Cardinal Rainer Maria Woelki, Archbishop of Cologne, makes a statement in the garden of the Archbishop’s House.German Catholics bewildered over Woelki decision
Pope Francis has confirmed Cardinal Rainer Maria Woelki in office as Cardinal Archbishop of Cologne, and granted him several months to reflect on the events that led him to offer the Pope his resignation. The cardinal was accused of protecting priests accused of sexual abuse.
The reaction of German conference president, Bishop Georg Bätzing of Limburg, to the news was cautious. “I accept the Holy Father’s decision and hope that the process of reconciliation in the Cologne archdiocese will now begin. I cannot judge whether this can lead to a fundamentally changed situation,” Bätzing declared in Bonn on 24 September. Rome was obviously trying “to get things moving with regard to regaining trust in episcopal leadership which has been seriously damaged far beyond Cologne and is spreading right through the Church”, he pointed out.
The Pope’s decision to grant Woelki a period of leave had reminded him, Bätzing said, of a similar decision by Francis in the case of his predecessor in Limburg, Bishop Franz-Peter Tebartz-van Elst, nicknamed the Bishop of Bling for his extravagance, whom Francis had also granted leave of absence in 2013.

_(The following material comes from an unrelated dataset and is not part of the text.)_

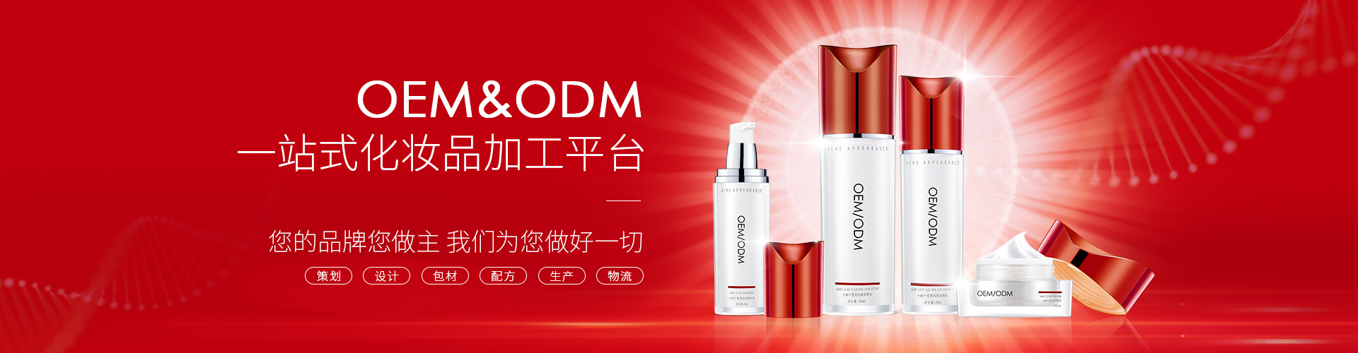 廣州嬌美生物科技有限公司,是一家極富創新精神的化妝品廠家加工(OEM/ODM)服務企業。嬌美自創立以來,與廣大國內外客戶平臺共享,專注于全球化妝生產加工OEM貼牌加工服務,大型美容院化妝品直供,為客戶提供高品質原料及品牌策劃服務。擁有全新的10萬級國際領先的GMP標準廠房,國際標準生產線,通過了ISO9001:2000國際質量體系認證,以穩固的資本實力依托、完善的產品結構支撐、先進的技術含量滲透,為客戶締造一流的品牌。 公司現與百余家國內外代工客商保持長期密切合作,以誠信與實力,深得國內外廣大客戶的依賴!十余年的行業沉淀,嬌美吸取OEM/ODM服務之精髓,以專業知名品牌的經驗、豐富的產品結構、不斷創新的務實精神,以中國知名專業化妝品代工生產商為目錄。 嬌美的企業經營理念是:幫客戶發展,讓員工發展,使企業發展。我們以客戶的價值觀為導向,以客戶的滿意度為標準,以客戶及市場的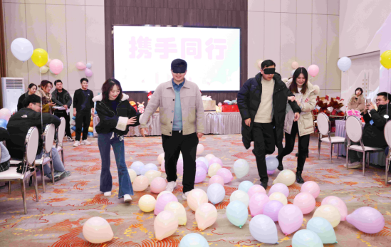 參與此次活動的20名單身男青年來自工程處、工程建設(shè)公司、臨渙礦等單位近年來新入職高校畢業(yè)生,18名單身女青年來自淮北市教育、金融、醫(yī)療系統(tǒng)單位。活動設(shè)置了“穿越呼啦圈”“搶紙杯”“攜手同行”“踩氣球”“報紙拔河”等年輕人喜聞樂見的互動小游戲,以小組為單位增添競技性,讓每個人的參與熱情持續(xù)高漲。在現(xiàn)場主持人的引導(dǎo)下,游戲“熱身”產(chǎn)生了很好的效果,男女青年從陌生到熟絡(luò),迅速打成一片,紛紛敞開心扉,大膽展示自己、表達(dá)想法,整個活動氛圍輕松愉悅,充滿了歡聲笑語。

Woelki was upbeat following the announcement. “I had a long talk with the Holy Father and he made quite clear how much he counted on me. He particularly highlighted the decisiveness and determination with which we in Cologne had tried to clear up the clerical sexual abuse in our archdiocese,” Woelki told journalists on his return from a week in Rome. He admitted that he had made mistakes – “especially as far as communication is concerned” – and once again apologised profoundly to the victims.
He was deeply grateful to Pope Francis for granting him his wish to take several months off from mid-October. “I will be back in office in the spring and we can then work together full force for the future of our Church in Cologne,” he underlined.

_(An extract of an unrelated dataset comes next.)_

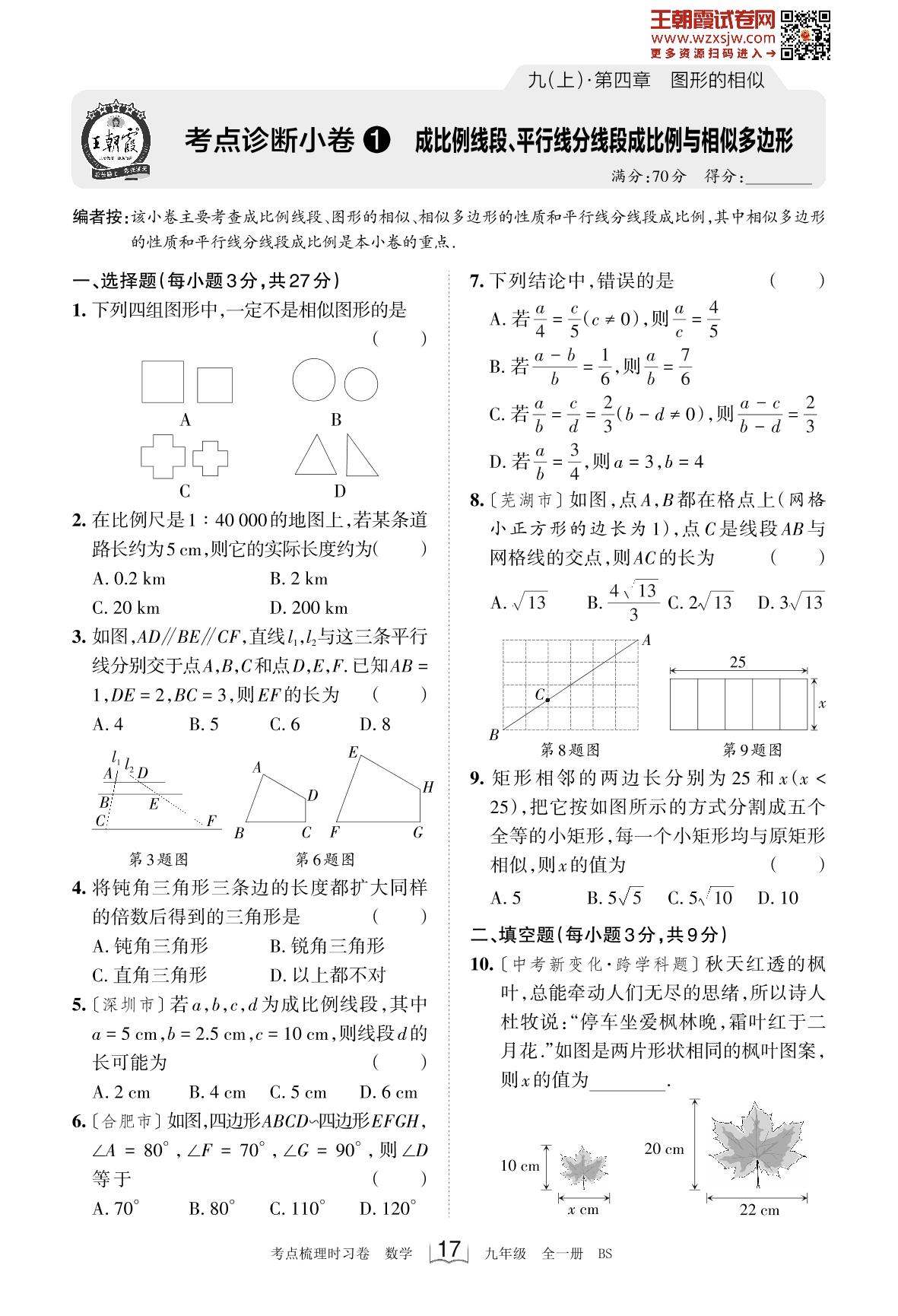 2023上册九年级数学北师版 第四章 考点诊断小卷1 成比例线段、平行线分线段成比例与相似多边形

The reaction to the Pope’s decision in the wider Church was hostile. He could not understand the Vatican decision, the president of the Central Committee of (lay) Catholics (ZdK), Thomas Sternberg said. There must be a guarantee that talks would be held with the faithful and the victims during Woelki’s “time out”. “A period of leave just isn’t enough and won’t solve the crisis as it won’t regain the loss of trust”, he emphasised.
The Pope’s decision to leave Woelki in office was a “declaration of moral bankruptcy”, Thomas Schüller of Münster University, one of Germany’s top theologians, told the German broadcaster WDR. Francis kept insisting that there would be zero tolerance for the perpetrators and those who hushed up clerical sexual abuse but when things got serious “the powers that be get soft and the bishops remain in office and get time-out, which is a slap in the face for the victims”.

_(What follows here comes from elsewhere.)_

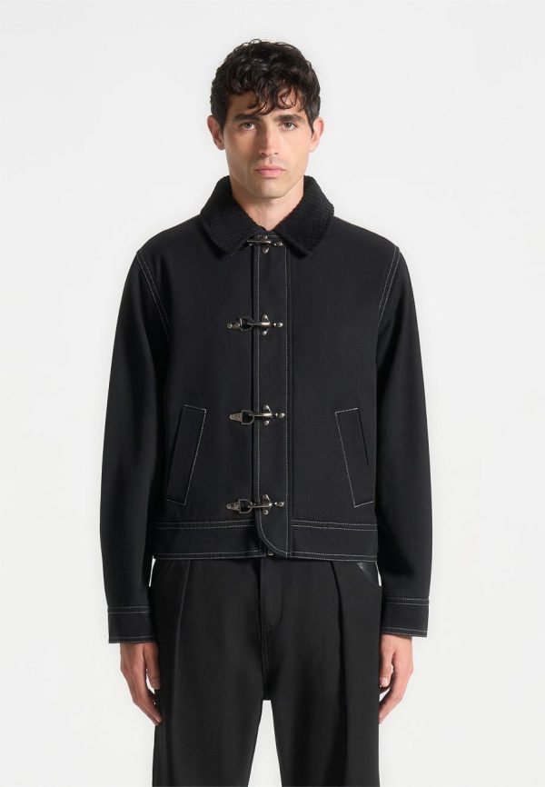 The Clasp Detail Contrast Stitch Gabardine Jacket in Black blends classic tailoring with modern touches, crafted from premium gabardine for a structured finish. Contrast stitching highlights its sleek silhouette, while distinctive clasp closures add a contemporary edge. Complete with a notched collar, streamlined sleeves, and discreet side pockets, this fully lined jacket offers both style and functionality in a tailored fit.

The well-known German journalist Daniel Deckers commenting in the Frankfurter Allgemeine Zeitung went further, directly criticising the Pope.
“It looks as if trust in episcopal leadership has been irretrievably lost – far beyond Hamburg and Cologne and now includes trust in the integrity of the Bishop of Rome,” Deckers said.
Conference vice-president Bishop Franz-Josef Bode said the increase in the number of Catholics leaving the Church in Germany is “exceedingly worrying”. Committed Catholics “in the best age group” were leaving and he feared that this would have a “suction effect” and they would take others with them. “No one wants to be on a sinking ship”, he pointed out. The many talks he had held with victims of clerical sexual abuse in recent years had at times almost made him lose his faith, he admitted.